JuliaEcosystem / PackageAnalyzer.jl

https://juliaecosystem.github.io/PackageAnalyzer.jl/dev/
MIT License
59 stars 5 forks source link

Record the tree hash of the analyzed (sub)directory #69

Closed ericphanson closed 2 years ago

ericphanson commented 2 years ago

This adds a tree_hash field to Package which records the analyzed tree hash. My ultimate goal is to analyze a Manifest, and actually analyze the code according to the tree hashes in the manifest. But I think one first step is to just record the version that was actually analyzed.

In general, since we do a shallow clone of the latest version, the tree hash we get won't match the tree hash of a registered version. But if the package has happened to register the latest commit, we do get the correct hash:

using PackageAnalyzer, RegistryInstances
name = "RegistryCI"
pkg = find_package(name)
info = registry_info(pkg)
v = maximum(keys(info.version_info))
hash = bytes2hex(info.version_info[v].git_tree_sha1.bytes)
result = analyze(pkg)
result.tree_hash == hash

I don't want to add this to the tests bc it depends on the state of a random package, but at least it's confirmation that we are measuring the right thing here.

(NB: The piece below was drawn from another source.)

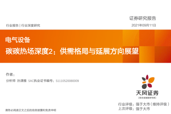【天风证券】【20210911】电气设备行业碳碳热场深度2:供需格局与延展方向展望-18页 行业研究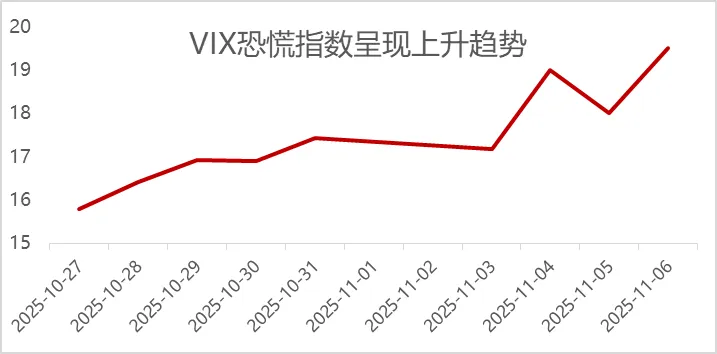 从市场情绪指标来看,VIX恐慌指数从10月底以来持续上升,昨晚更是大幅收涨超8%,体现出市场对美股的情绪愈发紧张。(数据来源:Wind)

BTW this even works for packages in subdirectories whose trunk has progressed since they were last registered; replace "RegistryCI" with "SnoopCompileCore" to see.

This does introduce a dependence on the internals Pkg.GitTools.tree_hash. However this has at least been unchanged since 1.6. I am thinking perhaps we can pull it out like RegistryInstances.jl if it becomes unstable at some point in the future.